Пожалуй, чучело боевого коня (память о Балаклаве), стоявшее в холле ее отца, могло бы послужить предупреждением будущему настоятелю, но — увы! — кто бы мог предсказать, что отец Джулии, который до семидесяти лет был лишь милым чудаком, возившимся в свободное время со всякой механикой (он, например, предпринял электрификацию своего поместья с помощью снабженных парусами ветряных мельниц или занимался таким безобидным делом, как изобретение скорострельного ружья, которое, хоть и не было принято на вооружение военным ведомством, все же поразило в мягкое место их старого и верного дворецкого), кто, спрашиваю я вас, мог бы подумать, что этот неугомонный чудак под конец совсем выживет из ума и возьмется за грандиозный проект создания летательного аппарата, причем, заметьте, не простого, на каком впоследствии перелетел через Ла-Манш Блерио (хотя и это уже само по себе было бы великим злом), а сложной конструкции с диковинными винтами, которая якобы могла подняться вертикально в воздух, — словом, геликоптера. Таким образом, бросая вызов законам земного притяжения, сэр Генри принялся строить в своем прелестном парке сараи и ангары, выписал из-за границы рабочих, инженеров, бельгийца-механика, стал сорить деньгами направо и налево — короче говоря, довел себя до банкротства и, так и не воспарив над нашей грешной землей, умер всеобщим посмешищем. В результате в Хейзелтон-парке, который мог бы принадлежать Джулии, теперь женская школа, в большом ангаре устроили гимнастический зал, а сараи — свежевыкрашенные страшилища — превратили в склады для грязных хоккейных клюшек и рваной спортивной обуви.


Неужели, в приливе отчаяния подумал Бертрам, эта наследственная неуравновешенность и заговорила сейчас в Стефене? Нет, нет… не может быть. Мальчик слишком похож на него и по складу ума и внешне, — в нем все от отца, это его второе «я». Однако владевшая им тревога и затем эта тягостная догадка побуждали настоятеля, вопреки здравому смыслу, открыть жене душу и искать у нее утешения.

— Знаешь, моя дорогая, — сказал он, — я считаю, что мы должны приложить все усилия, чтобы развлечь Стефена и как-то встряхнуть его.

Джулия в изумлении уставилась на мужа.
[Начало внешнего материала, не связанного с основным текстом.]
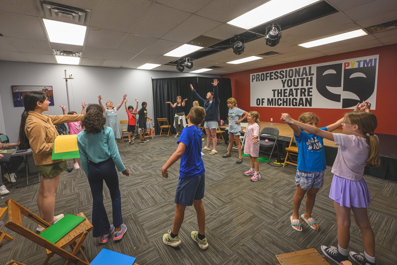 Wright started her youth theatre during the first wave of the COVID-19 pandemic in 2020, offering summer camp programming in a local park, but with no brick-and-mortar space. In 2021, she moved PYTMI to Ann Arbor and was glad to have a more permanent home, but her clientele was a bit much for the mix of massage therapists and other, quieter tenants in the building.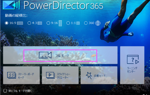 PowerDirectorを起動すると最初にこんな画面がでるのでフルモードをクリック。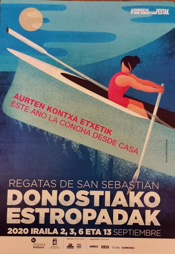 Una regata a puerta cerrada, una regata que como vemos en el cartel “ Salto “ de la burgalesa Eloisa Bielsa, reza… “ Este año, La Concha desde casa “ con la consiguiente pérdida económica que para la ciudad significan los cuatro días de regatas y que desde el Ayuntamiento no han sabido o no han querido valorar en cifras.

Она обладала удивительной способностью понимать все буквально.

— Мой дорогой Бертрам, ты же прекрасно знаешь, что я не в состоянии делать какие-либо усилия. И потом, почему мы должны встряхивать Стефена?

— Я… я тревожусь за него. Он и всегда-то был необычным ребенком. А сейчас у него такой тяжелый период.
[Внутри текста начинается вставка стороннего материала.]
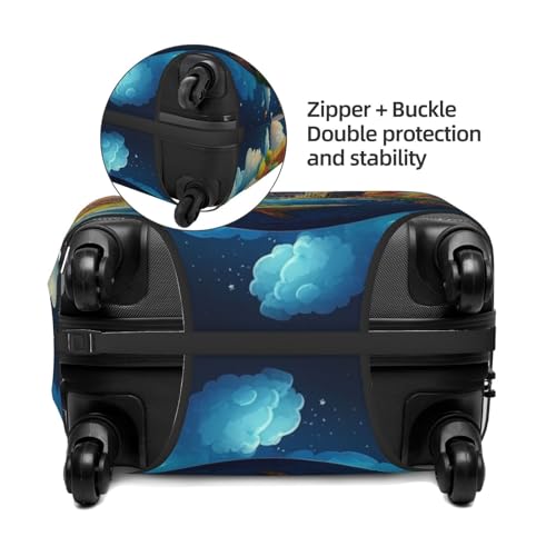 Cartoon Earth Print Travel Luggage Cover Elastic Baggage Protector For Men Women Fits 22-24 Inch Luggage 7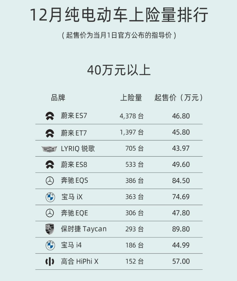 2022年旗下车型均价超40万的蔚来,依靠超过12万辆的年销量,终于圆了中国品牌追求十数年的高端梦。值得一提的是,基于蔚来第二代技术平台打造的ET7成交均价已经接近50万元,2022年的累计销量超2.3万辆,这是中国高端品牌轿车从未达到过的新高度。中国高端轿车市场,也被蔚来激活了。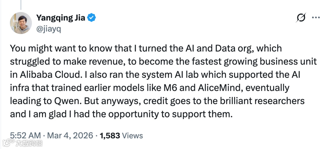 贾扬清同时澄清:其任内曾将长期难盈利的 AI 与数据部门带成阿里云增长最快业务单元,并运营系统 AI 实验室,为 M6、AliceMind 等早期项目提供底层算力与训练支持,为 Qwen 奠定重要基础。“真正的功劳属于那些才华横溢的研究人员。”

— Тяжелый период, Бертрам? Разве он не вышел из переходного возраста?

— Конечно, вышел… Но ты же знаешь, как бывает с молодыми людьми. У них весной появляются такие странные идеи.

— Ты хочешь сказать, что Стефен влюбился?

— Нет… впрочем, конечно, он неравнодушен к Клэр.

— В таком случае, что же ты имеешь в виду, Бертрам? Он ведь не болен. Ты сам минуту назад сказал, что он отлично выглядит.

— Не я, а ты это сказала. — В тоне Бертрама невольно проскользнуло раздражение. — По-моему, он вовсе не хорошо выглядит. Но я вижу, ты не склонна разделять мою тревогу.

— Если ты пожелаешь сообщить мне, о чем твоя тревога, мой дорогой, то я с удовольствием выслушаю тебя. Но неужели надо волновать еще и меня — разве не достаточно того, что ты сам волнуешься? По-моему, я выполнила свою роль, произведя детей на свет. Должна тебе сказать, что в этом занятии, от начала и до конца, очень мало приятного. А остальное уж твоя забота. Я никогда не вмешивалась в то, что ты делал. Почему же ты хочешь, чтобы я вмешалась сейчас?

— Ты права. — Он попытался побороть в себе горечь. — Тебе, конечно, будет глубоко безразлично, если Стефен погубит свою жизнь. Послушай, Джулия, в нем есть что-то, чего я не могу понять и что он скрывает глубоко в душе. О чем он на самом деле думает? Кто его друзья? Помнишь, когда Джофри был у него в прошлом году в колледже святой Троицы, он встретил у нашего мальчика совершенно немыслимого человека… какого-то проходимца, как назвал его Джофри… нищего художника… валлийца…


Он умолк, чуть ли не с мольбою глядя на жену, так что она вынуждена была в конце концов откликнуться.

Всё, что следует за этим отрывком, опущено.